CN114755331A

CN114755331A - Method for identifying 6 components in tendon-relaxing and blood-circulation-promoting pill by UPLC-Q-TOF method

Info

Publication number: CN114755331A
Application number: CN202210358023.4A
Authority: CN
Inventors: 苏晶; 汪杨丽; 李青; 白小琼; 陈晓虎; 王慧; 唐华; 葛渊源; 张毅; 蒋万浪
Original assignee: Chongqing Institute for Food and Drug Control
Current assignee: Chongqing Institute for Food and Drug Control
Priority date: 2022-04-06
Filing date: 2022-04-06
Publication date: 2022-07-15
Anticipated expiration: 2042-04-06
Also published as: CN114755331B

Abstract

The invention belongs to the technical field of chemical analysis, and particularly relates to a method for identifying 6 components in a muscle-relaxing and blood-circulation-promoting pill by using a UPLC-Q-TOF method, wherein the components comprise: dipsacus asperoides VI, beta-ecdysterone, naringin, amygdalin, catechin and + -protosappanin B. The method adopts a Waters ultra high-speed liquid chromatograph and a special chromatographic column of the ultra high-speed liquid chromatograph with small grain diameter to carry out gradient elution, wherein a mobile phase A is a mixed solution of ammonium formate and formic acid, the concentration of the ammonium formate is 0.02mmol/L, the volume concentration of the formic acid is 0.1%, a mobile phase B is a mixed solution of the formic acid and acetonitrile, and the volume concentration of the formic acid is 0.1%; the detection instrument is a quadrupole time-of-flight tandem mass spectrum, and the scanning mode is an electrospray ionization negative ion mode. The method established by the invention can accurately identify 6 components in the tendon-relaxing and blood-circulation-promoting pill, and judge whether the pill contains teasel root, achyranthes root, drynaria rhizome, peach kernel, catechu and sappan wood, and has important significance for comprehensively evaluating the quality of the tendon-relaxing and blood-circulation-promoting pill.

Description

Method for identifying 6 components in tendon-relaxing and blood-circulation-promoting pill by UPLC-Q-TOF method

Technical Field

The invention belongs to the field of chemical analysis, and particularly relates to a method for identifying 6 components in a muscle-relaxing and blood-circulation-promoting pill by using a UPLC-Q-TOF method.

Background

The pill is dark brown big honeyed pill comprising radix Dipsaci, Achyranthis radix, rhizoma Drynariae, semen Persicae, Catechu, lignum sappan, Eupolyphaga Seu Steleophaga, Carthami flos, radix rehmanniae Preparata, radix Angelicae Dahuricae, fructus Gardeniae, radix Paeoniae Rubra, ramulus Cinnamomi, Notoginseng radix, Olibanum (prepared), Pyritum (calcined with vinegar), radix et rhizoma Rhei, semen Strychni preparata, radix Angelicae sinensis and Borneolum Syntheticum. The medicine has bitter and astringent taste, has effects of relieving rigidity of muscles, dredging collaterals, promoting blood circulation and relieving pain, and can be used for treating traumatic injury, sudden lumbar sprain, fracture, and pain due to blood stasis.

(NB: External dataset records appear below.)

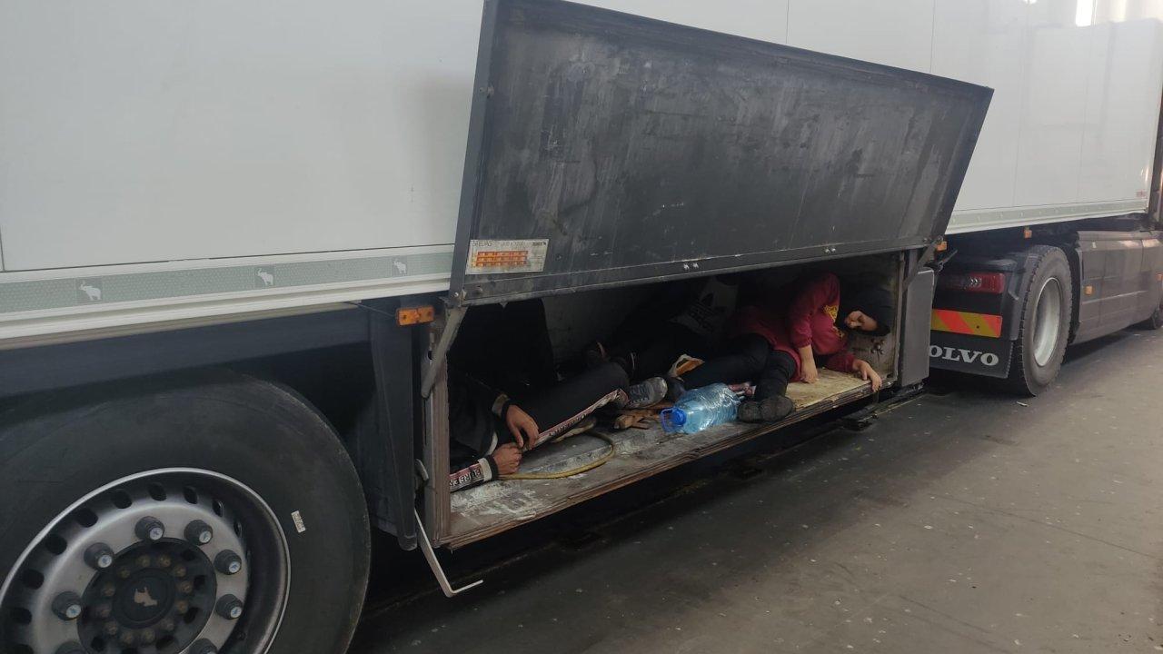 Risk kriterleri kapsamında TIR, x-ray taramasına sevk edildi. Yoğunluk tespit edilen TIR'da ekiplerce arama yapıldı. Aramada yasa dışı yollarla Yunanistan'a çıkış yapmak için TIR'ın dorsesindeki yemek dolabına gizlenmiş Filistin ve Mısır uyruklu 1'i kadın 4 kaçak göçmen yakalandı. Yakalanan kaçak göçmenler, işlemlerinin ardından İl Göç İdaresi Müdürlüğü'ne gönderildi. TIR sürücüsü D.P., gözaltına alındı.
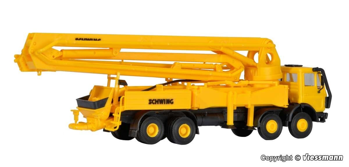 Produktinformationen "H0 SCHWING Betonpumpe 4-achsig" Bausatz. Vorbilddaten: MERCEDES-BENZ 3328, 206 kW/280 PS Dieselmotor, SCHWING Betonpumpe KVM 42, Reichweite 42 m, max. Fördermenge ca. 100 m³/Std.
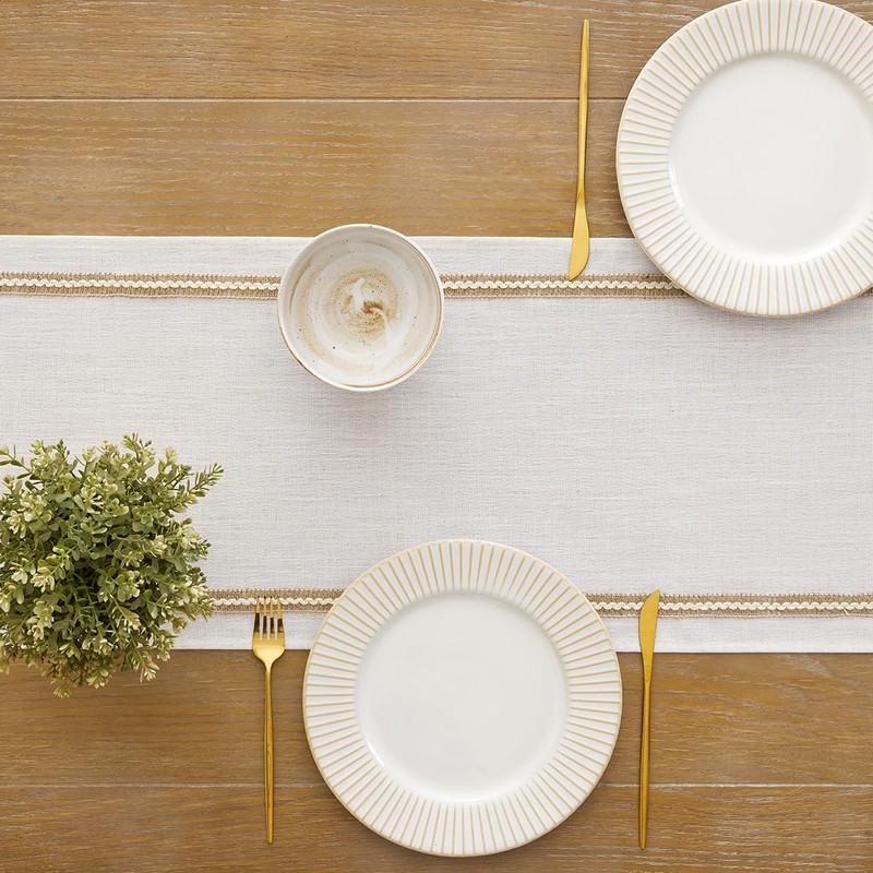 - Natural jute lace sewn onto the linen background, this elegant design linen will increase the charm of your table. Moderate thickness and sturdy, good for everyday use.

The tendon-relaxing and blood-activating pill comprises the components of dipsacus asperoides VI, beta-ecdysterone, naringin, amygdalin, catechin, (+/-) protosappanin B and the like, however, the collection standard of the tendon-relaxing and blood-activating pill only records the qualitative identification of cassia twig, pseudo-ginseng, angelica dahurica and red paeony root in the preparation by adopting a thin-layer chromatography, the extraction process is complex, the analysis time is long, and the qualitative identification of dipsacus asperoides, achyranthes bidentata, rhizoma drynariae, peach kernels, catechu and sappan wood is not involved.

In view of the above, the UPLC-Q-TOF technology is utilized to research multiple components, a qualitative method for rapidly detecting 6 components in the tendon-relaxing and blood-activating pill through the UPLC-Q-TOF is established, the method is simple, convenient, rapid and accurate, the multiple components in the tendon-relaxing and blood-activating pill can be comprehensively and rapidly accurately identified, and a new reference is provided for the improvement of the quality standard of the tendon-relaxing and blood-activating pill.

Disclosure of Invention

One of the purposes of the invention is to provide a UPLC-Q-TOF method for separating 6 components from a muscle-relaxing and blood-circulation-promoting pill, which can simultaneously separate 6 components from the muscle-relaxing and blood-circulation-promoting pill.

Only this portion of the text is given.